| ACTIVITY |
Word for word, print each record, dropping any image it holds.
Segment Open
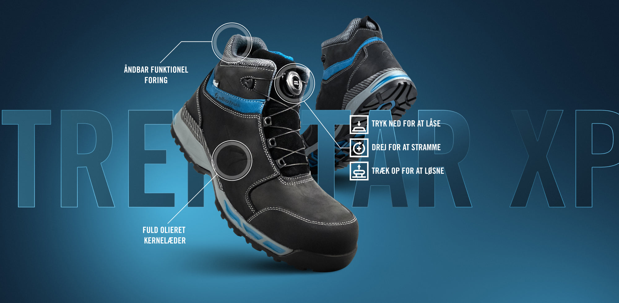 Pålidelig beskyttelse, fremragende bærekomfort, præcis og behagelig pasform, let pleje, højkvalitetsmaterialer, optimal fodsikkerhed især på ujævne overflader og alt sammen i et overbevisende design - TREKSTAR XP-modellerne har alt hvad du behøver i hårdt hverdagsarbejde.
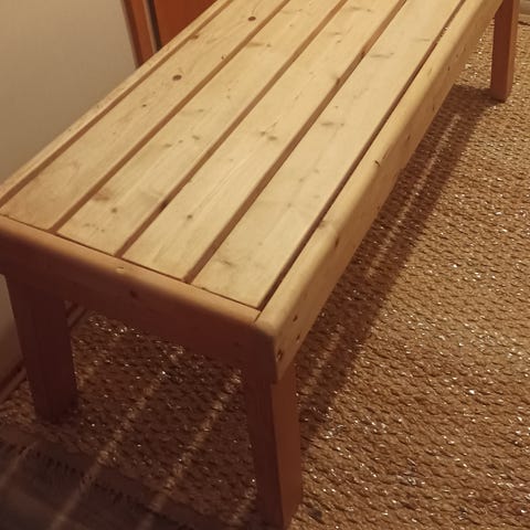 Vanha, jykevä penkki. Maalipinta kaipaa päivitystä. Ollut ulkokäytössä kesällä katoksessa. Pituus 150cm, korkeus 45cm.
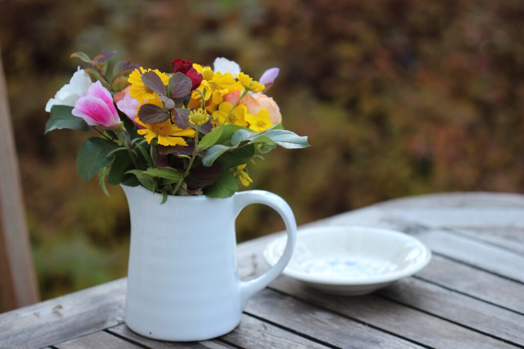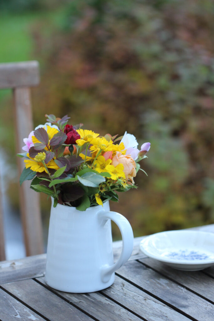 Det er med et visst vemod jeg plukker inn de aller siste blomstene fra hagen. Ute er det en kjølig oktoberettermiddag. Bladene har falt av trærne, og solen går tidlig ned over trekronene. Luften er rå og frisk her ved skogkanten nå, og det er nok ikke så lenge til snøen kommer – for den pleier å komme tidlig her like ved elven. Når jeg plukker de siste blomstene føler jeg mest av alt takknemlighet. Over at vi har hatt en så fin sommer og en så fin september. Over naturen her som har vært så vakker og gitt meg så mange gleder. Og takknemlighet over at jeg bor i et fredfullt og godt land, over at jeg har barn og familie som er glade i meg og som jeg er glad i. Og jeg tenker at jeg skal bli enda flinkere til å takke, over tilværelsen og over det å bare være til.
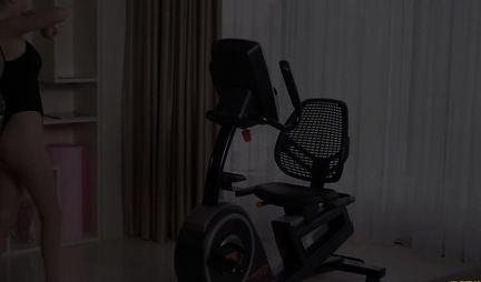 Девушка сольно пальцами трахает себя сидя на велотренажере
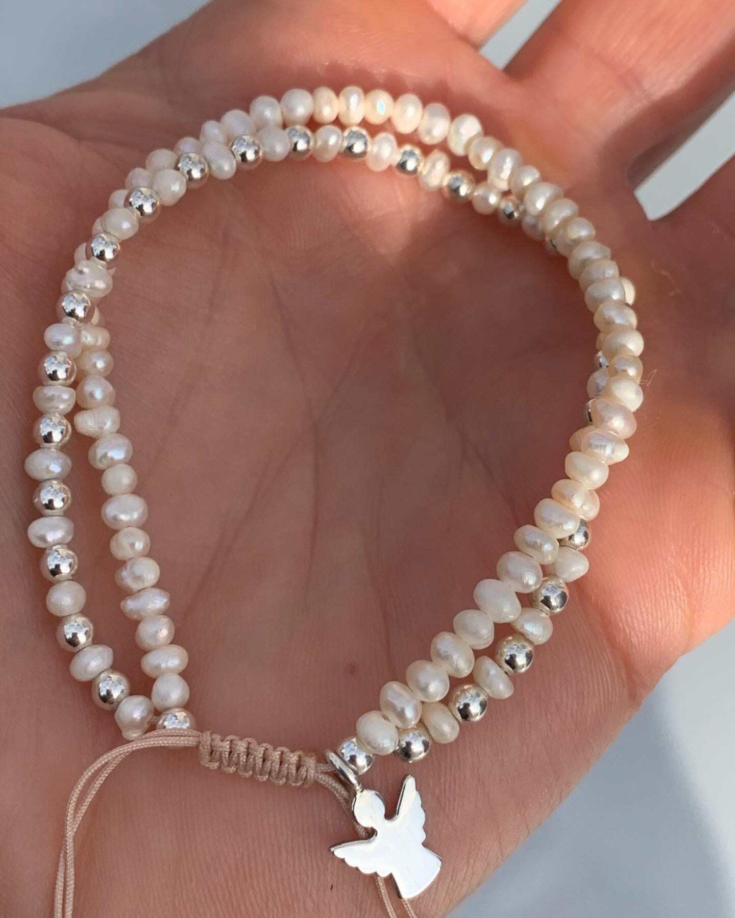 Brățara este realizată din perlă de cultură “pui”, freshwater și mărgeluțe argint. 🤍🐚
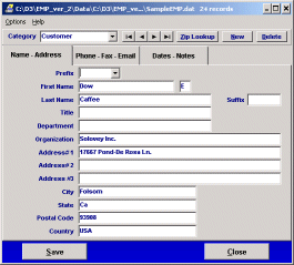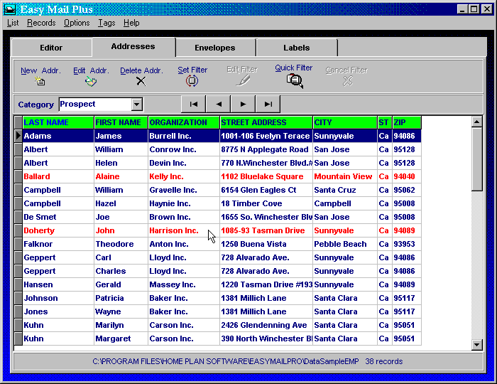 Advertising Director Number One Firm 1400 South One Street Somewhere, ST 99999 While Easy Mail Plus includes this method of handling addresses, it a;so features a comprehensive database format, ideal for managing larger lists. When using database, elements in the example above are entered into separate fields. That is, "Ms." is entered into the prefix field, "Mary" into the first name field, "L." into the initial field, and so forth. One way of looking at this difference, is that while entering a new address in database takes a bit more time, more data related to a name can be entered, and all of it can be used in a greater variety of ways. The following are available in Easy Mail Plus, in addition to the fast, easy envelope and label handling in Easy Mail. (Click here for a summary of Easy Mail features.)
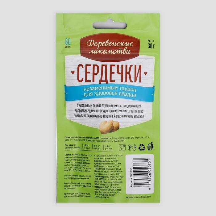 13 отзывов пользователей o Деревенские Лакомства Сердечки и незаменимый таурин
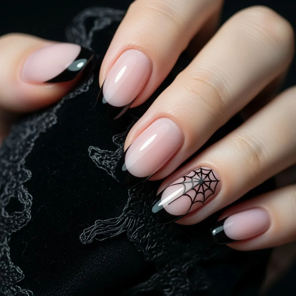 Ready to get into the spooky season while keeping it totally chic? This manicure is for you. It gives off all the spooky vibes with its stylish black French tips and an adorable spider web accent nail. The contrast between a soft pink base and the bold black tips is perfect for the season. It’s the ideal way to feel festive and fun without sacrificing any elegance. I think this look is the perfect blend of spooky and chic!
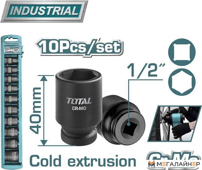 | Комплектация | - Торцевая головка ударная (10 мм, 12 мм, 13 мм, 14 мм, 15 мм, 17 мм, 19 мм, 21 мм, 22 мм, 24 мм) - 10 шт. - Пластиковый держатель для хранения - 1 шт. |
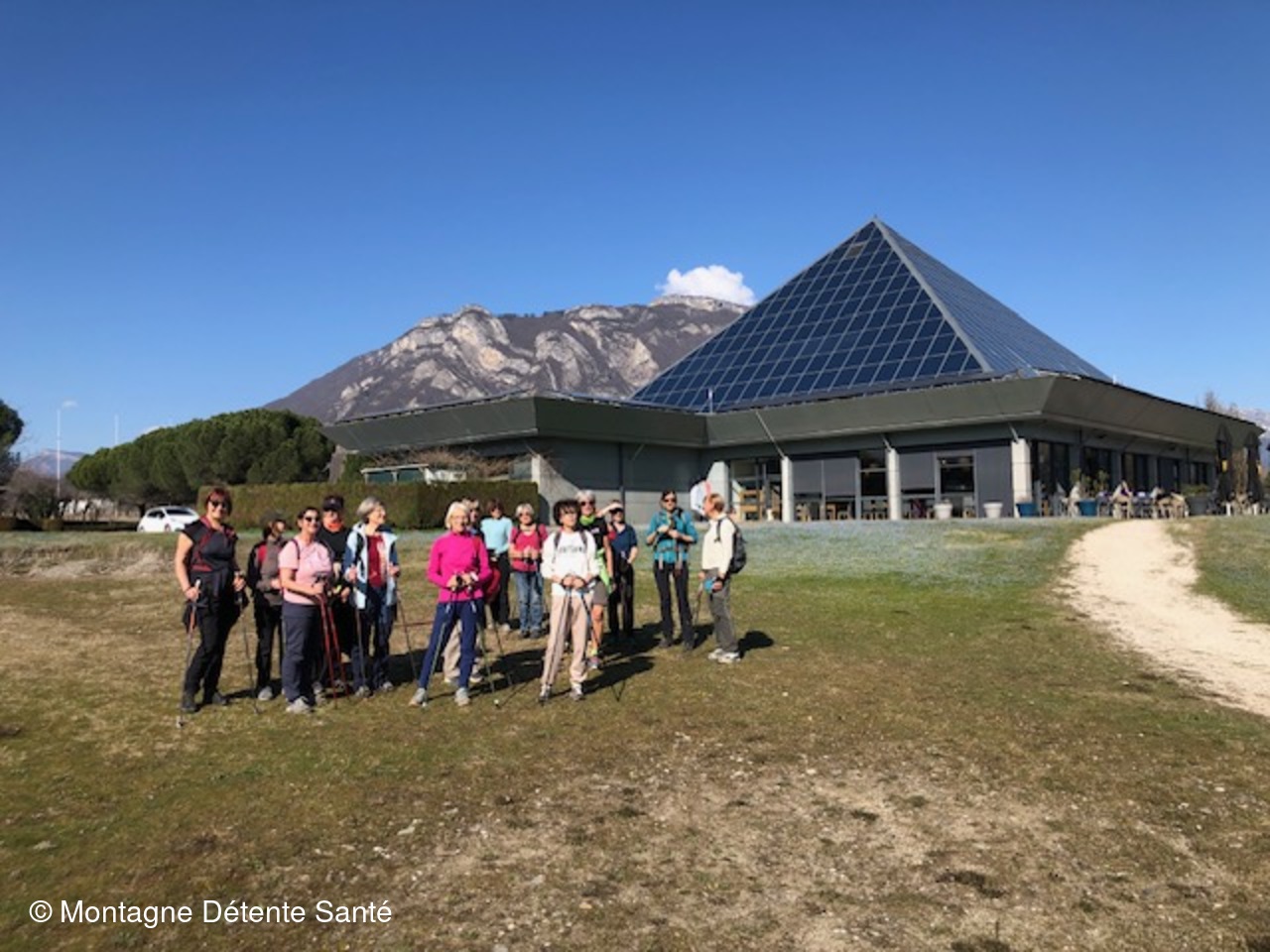 Ensuite, c'est déjà la reprise du chemin du retour par cette même digue que nous trouvons cette fois moins longue. Arrivés au niveau de la zone artisanale d'Alpespace, nous la traversons directement par la contre-allée de la voie directe Christophe Collomb qui nous dirige vers la Pyramide. Au bord de son lac, nous terminons l'après-midi par des exercices d'étirements. Le retour au parking de covoiturage se fait sans encombre en évitant le traditionnel bouchon de sortie des entreprises.
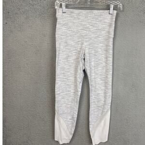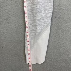 Lululemon Wunder Under Scalloped Hem High-Rise Crop 21" leggings in white/gray heather, size 6. Made with Full-On Luon fabric for support and comfort, featuring mesh detail, a fold-down waistband, and a stylish scalloped hem for a unique athletic look.
Segment Closed
| WRITTEN RESPONSE |
 Pålidelig beskyttelse, fremragende bærekomfort, præcis og behagelig pasform, let pleje, højkvalitetsmaterialer, optimal fodsikkerhed især på ujævne overflader og alt sammen i et overbevisende design - TREKSTAR XP-modellerne har alt hvad du behøver i hårdt hverdagsarbejde.
 Vanha, jykevä penkki. Maalipinta kaipaa päivitystä. Ollut ulkokäytössä kesällä katoksessa. Pituus 150cm, korkeus 45cm.
 Det er med et visst vemod jeg plukker inn de aller siste blomstene fra hagen. Ute er det en kjølig oktoberettermiddag. Bladene har falt av trærne, og solen går tidlig ned over trekronene. Luften er rå og frisk her ved skogkanten nå, og det er nok ikke så lenge til snøen kommer – for den pleier å komme tidlig her like ved elven. Når jeg plukker de siste blomstene føler jeg mest av alt takknemlighet. Over at vi har hatt en så fin sommer og en så fin september. Over naturen her som har vært så vakker og gitt meg så mange gleder. Og takknemlighet over at jeg bor i et fredfullt og godt land, over at jeg har barn og familie som er glade i meg og som jeg er glad i. Og jeg tenker at jeg skal bli enda flinkere til å takke, over tilværelsen og over det å bare være til.
 Девушка сольно пальцами трахает себя сидя на велотренажере
 Brățara este realizată din perlă de cultură “pui”, freshwater și mărgeluțe argint. 🤍🐚
 Advertising Director Number One Firm 1400 South One Street Somewhere, ST 99999 While Easy Mail Plus includes this method of handling addresses, it a;so features a comprehensive database format, ideal for managing larger lists. When using database, elements in the example above are entered into separate fields. That is, "Ms." is entered into the prefix field, "Mary" into the first name field, "L." into the initial field, and so forth. One way of looking at this difference, is that while entering a new address in database takes a bit more time, more data related to a name can be entered, and all of it can be used in a greater variety of ways. The following are available in Easy Mail Plus, in addition to the fast, easy envelope and label handling in Easy Mail. (Click here for a summary of Easy Mail features.)
 13 отзывов пользователей o Деревенские Лакомства Сердечки и незаменимый таурин
 Ready to get into the spooky season while keeping it totally chic? This manicure is for you. It gives off all the spooky vibes with its stylish black French tips and an adorable spider web accent nail. The contrast between a soft pink base and the bold black tips is perfect for the season. It’s the ideal way to feel festive and fun without sacrificing any elegance. I think this look is the perfect blend of spooky and chic!
 | Комплектация | - Торцевая головка ударная (10 мм, 12 мм, 13 мм, 14 мм, 15 мм, 17 мм, 19 мм, 21 мм, 22 мм, 24 мм) - 10 шт. - Пластиковый держатель для хранения - 1 шт. |
 Ensuite, c'est déjà la reprise du chemin du retour par cette même digue que nous trouvons cette fois moins longue. Arrivés au niveau de la zone artisanale d'Alpespace, nous la traversons directement par la contre-allée de la voie directe Christophe Collomb qui nous dirige vers la Pyramide. Au bord de son lac, nous terminons l'après-midi par des exercices d'étirements. Le retour au parking de covoiturage se fait sans encombre en évitant le traditionnel bouchon de sortie des entreprises.
 Lululemon Wunder Under Scalloped Hem High-Rise Crop 21" leggings in white/gray heather, size 6. Made with Full-On Luon fabric for support and comfort, featuring mesh detail, a fold-down waistband, and a stylish scalloped hem for a unique athletic look.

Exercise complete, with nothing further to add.